_Prompt_. Repeat, please, exactly the lines from the one that has "Chris’s ’40 was" through the end of the records below, with pictures dropped.

_Stored data_.
+ + +
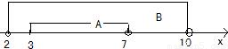 由圖得,A∪B={x|2<x<10},∁RA={x|x<3或x≥7},
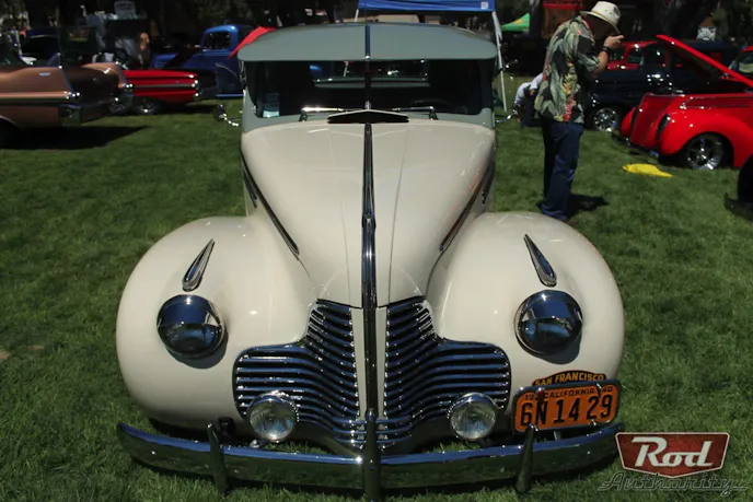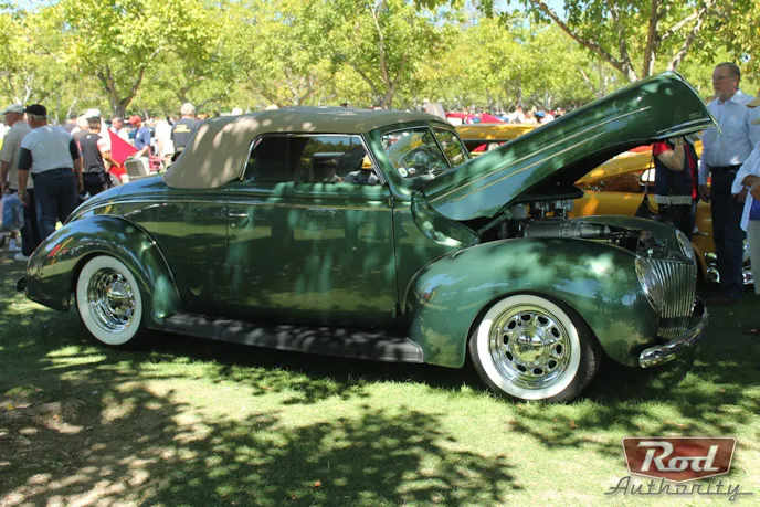 Chris’s ’40 was one of the first rides that caught our eyes at the show. Sitting atop a grassy knoll it oozed West Coast soul. From that slick look that only quarter skirts fully covering the rear tires can impart, rocker panels hugging the ground, to the the split visor and classic two-tone color scheme. Chris’s ’40 nails, to us, the definition of a traditional resto-mod–a majority of parts and accessories are kept true to the make, model, and era while it boasts a few modifications short of it being considered a mild-custom.
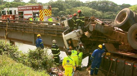 Após acidente, motorista fica preso em caminhão pendurado em ponte no interior de SP
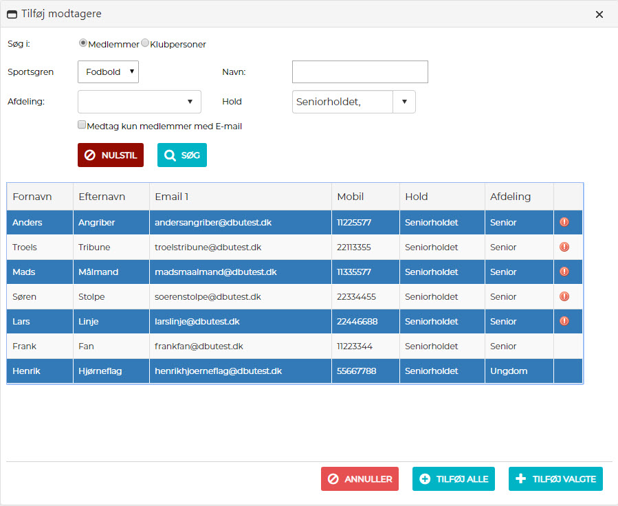 3) Søg medlemmerne frem, marker de medlemmer som skal modtage SMS'en og klik på "Tilføj valgte medlemmer"
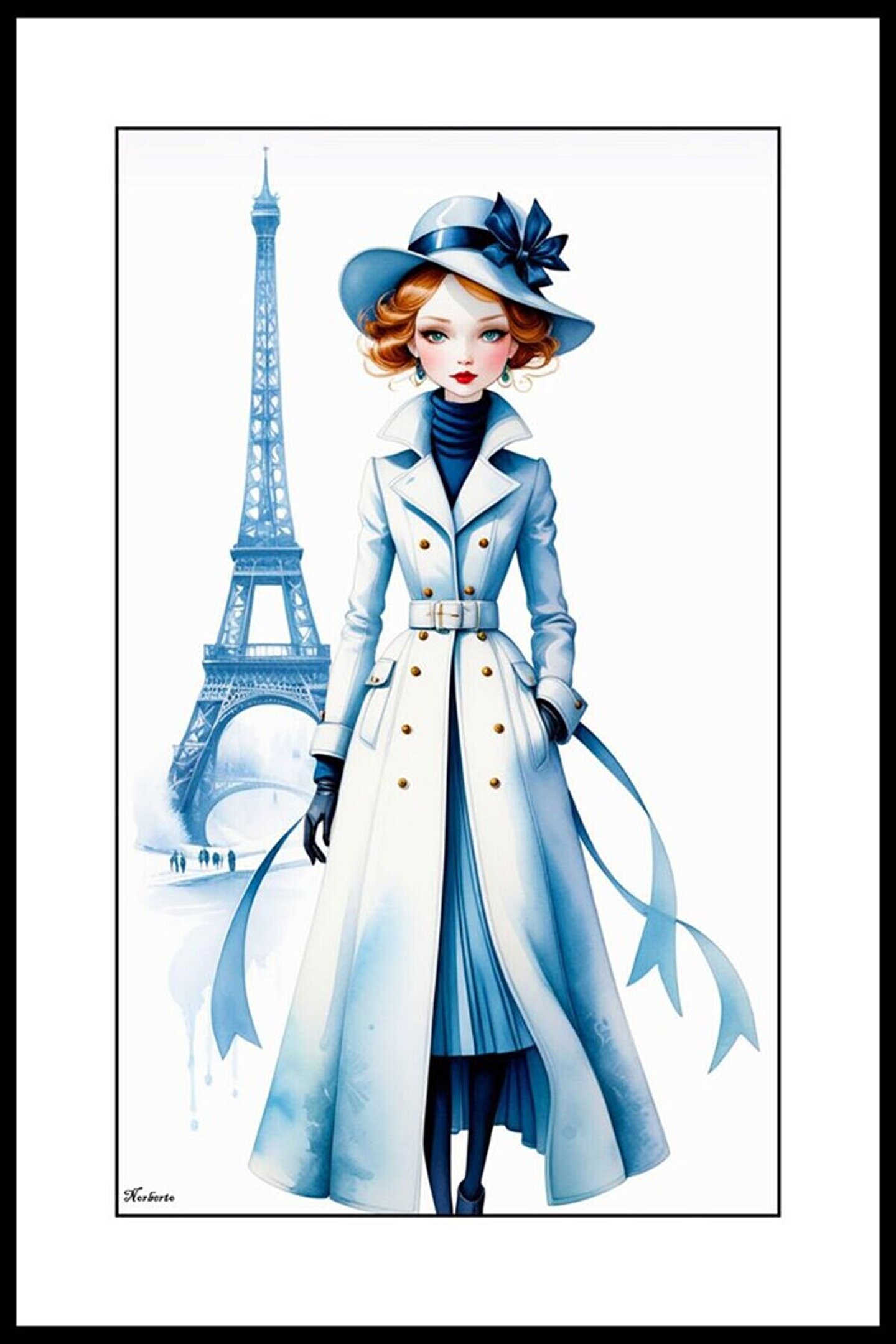 Eyfelde Kadın Digital Art ( ÇERÇEVESİZ - ÇERÇEVE YOKTUR ) ( ULTRA HD ) FOLYO AFİŞ - POSTER
+ + +
_Your response_.
 Chris’s ’40 was one of the first rides that caught our eyes at the show. Sitting atop a grassy knoll it oozed West Coast soul. From that slick look that only quarter skirts fully covering the rear tires can impart, rocker panels hugging the ground, to the the split visor and classic two-tone color scheme. Chris’s ’40 nails, to us, the definition of a traditional resto-mod–a majority of parts and accessories are kept true to the make, model, and era while it boasts a few modifications short of it being considered a mild-custom.
 Após acidente, motorista fica preso em caminhão pendurado em ponte no interior de SP
 3) Søg medlemmerne frem, marker de medlemmer som skal modtage SMS'en og klik på "Tilføj valgte medlemmer"
 Eyfelde Kadın Digital Art ( ÇERÇEVESİZ - ÇERÇEVE YOKTUR ) ( ULTRA HD ) FOLYO AFİŞ - POSTER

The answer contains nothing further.